━━ SUPPLIED RECORDS

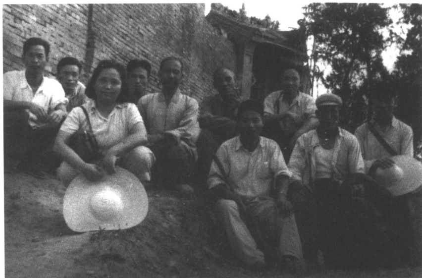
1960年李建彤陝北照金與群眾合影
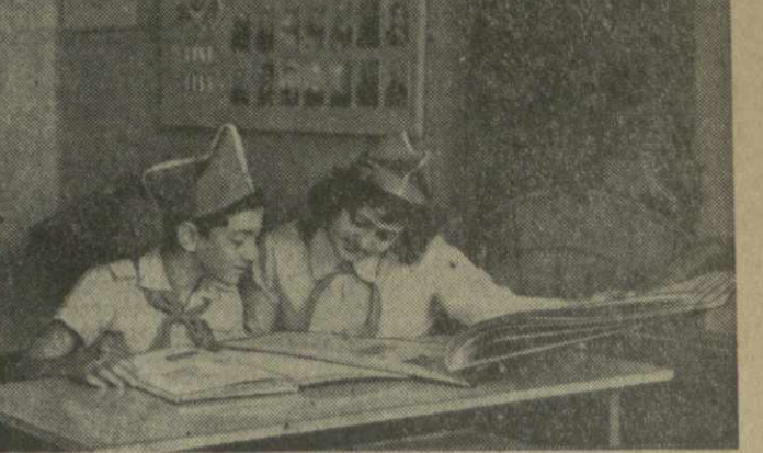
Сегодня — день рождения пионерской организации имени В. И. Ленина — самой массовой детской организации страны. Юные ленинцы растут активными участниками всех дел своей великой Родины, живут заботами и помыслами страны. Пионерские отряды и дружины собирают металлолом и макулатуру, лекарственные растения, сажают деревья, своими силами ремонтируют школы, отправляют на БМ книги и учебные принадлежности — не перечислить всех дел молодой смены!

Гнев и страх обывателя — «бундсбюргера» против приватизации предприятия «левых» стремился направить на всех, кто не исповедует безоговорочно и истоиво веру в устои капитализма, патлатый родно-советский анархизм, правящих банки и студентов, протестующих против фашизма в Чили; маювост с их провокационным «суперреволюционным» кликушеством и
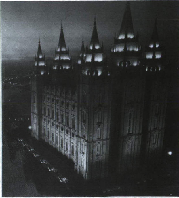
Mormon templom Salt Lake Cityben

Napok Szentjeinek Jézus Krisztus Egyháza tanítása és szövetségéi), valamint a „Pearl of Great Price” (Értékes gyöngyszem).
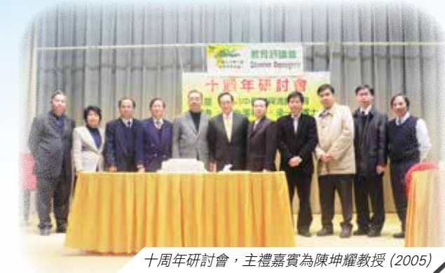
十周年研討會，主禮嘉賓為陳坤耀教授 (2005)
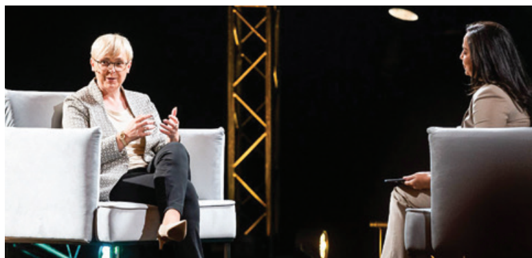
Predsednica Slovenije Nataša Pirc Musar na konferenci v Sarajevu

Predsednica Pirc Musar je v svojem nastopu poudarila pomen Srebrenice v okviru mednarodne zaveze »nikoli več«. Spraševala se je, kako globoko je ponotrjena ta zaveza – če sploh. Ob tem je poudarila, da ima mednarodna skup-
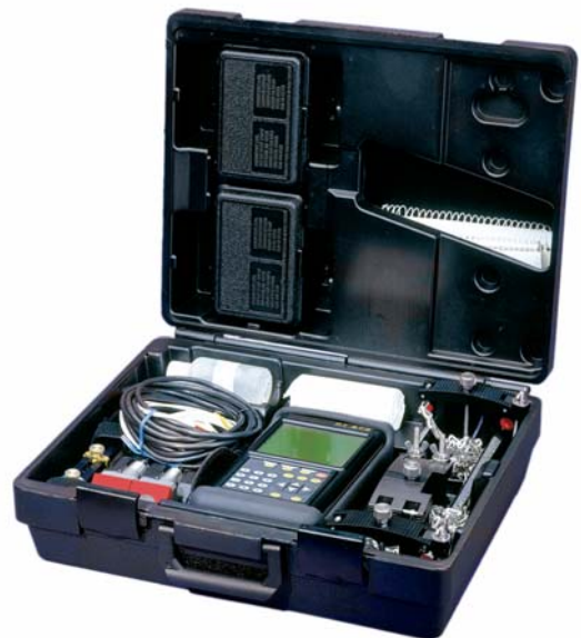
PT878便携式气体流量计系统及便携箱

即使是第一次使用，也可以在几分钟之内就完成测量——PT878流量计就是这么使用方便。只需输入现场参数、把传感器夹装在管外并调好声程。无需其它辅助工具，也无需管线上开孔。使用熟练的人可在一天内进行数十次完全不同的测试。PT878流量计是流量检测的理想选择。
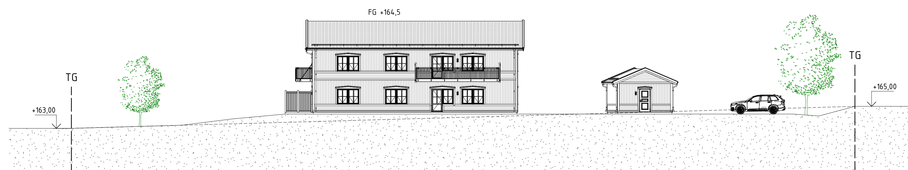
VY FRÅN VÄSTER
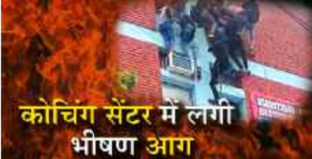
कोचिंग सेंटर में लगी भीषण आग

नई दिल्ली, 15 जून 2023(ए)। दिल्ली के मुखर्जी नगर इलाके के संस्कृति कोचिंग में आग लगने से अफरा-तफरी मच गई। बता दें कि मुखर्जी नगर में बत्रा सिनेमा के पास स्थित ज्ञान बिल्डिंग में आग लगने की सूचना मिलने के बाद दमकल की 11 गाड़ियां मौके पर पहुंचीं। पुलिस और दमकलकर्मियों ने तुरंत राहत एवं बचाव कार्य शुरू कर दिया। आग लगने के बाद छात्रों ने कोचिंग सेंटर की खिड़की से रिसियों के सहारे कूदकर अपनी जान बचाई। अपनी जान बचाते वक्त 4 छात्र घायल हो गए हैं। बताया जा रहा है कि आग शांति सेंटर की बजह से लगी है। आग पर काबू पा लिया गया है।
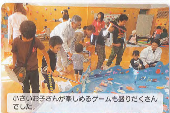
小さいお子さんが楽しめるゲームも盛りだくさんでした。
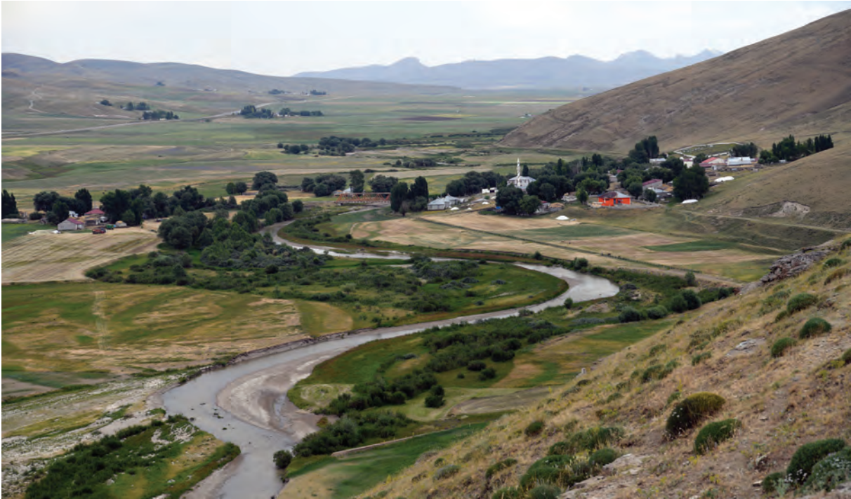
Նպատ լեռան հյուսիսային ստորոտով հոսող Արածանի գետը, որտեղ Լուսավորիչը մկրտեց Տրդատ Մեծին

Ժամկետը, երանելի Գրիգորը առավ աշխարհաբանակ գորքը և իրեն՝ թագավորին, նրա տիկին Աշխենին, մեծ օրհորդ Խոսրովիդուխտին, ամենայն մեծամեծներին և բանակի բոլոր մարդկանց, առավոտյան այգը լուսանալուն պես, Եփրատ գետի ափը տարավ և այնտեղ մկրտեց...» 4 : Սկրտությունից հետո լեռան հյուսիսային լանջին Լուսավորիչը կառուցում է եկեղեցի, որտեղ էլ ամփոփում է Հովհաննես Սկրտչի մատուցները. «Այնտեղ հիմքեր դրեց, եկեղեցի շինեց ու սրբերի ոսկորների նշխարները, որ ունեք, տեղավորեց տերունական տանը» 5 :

━━━━

GOAL OF THE EXERCISE –
Print exactly the lines above that run from the one with "PT878便携式气体流量计系统及便携箱" down to the one with "नई दिल्ली, 15", and omit the pictures.

RESPONSE BELOW –
PT878便携式气体流量计系统及便携箱

即使是第一次使用，也可以在几分钟之内就完成测量——PT878流量计就是这么使用方便。只需输入现场参数、把传感器夹装在管外并调好声程。无需其它辅助工具，也无需管线上开孔。使用熟练的人可在一天内进行数十次完全不同的测试。PT878流量计是流量检测的理想选择。
VY FRÅN VÄSTER
कोचिंग सेंटर में लगी भीषण आग

नई दिल्ली, 15 जून 2023(ए)। दिल्ली के मुखर्जी नगर इलाके के संस्कृति कोचिंग में आग लगने से अफरा-तफरी मच गई। बता दें कि मुखर्जी नगर में बत्रा सिनेमा के पास स्थित ज्ञान बिल्डिंग में आग लगने की सूचना मिलने के बाद दमकल की 11 गाड़ियां मौके पर पहुंचीं। पुलिस और दमकलकर्मियों ने तुरंत राहत एवं बचाव कार्य शुरू कर दिया। आग लगने के बाद छात्रों ने कोचिंग सेंटर की खिड़की से रिसियों के सहारे कूदकर अपनी जान बचाई। अपनी जान बचाते वक्त 4 छात्र घायल हो गए हैं। बताया जा रहा है कि आग शांति सेंटर की बजह से लगी है। आग पर काबू पा लिया गया है।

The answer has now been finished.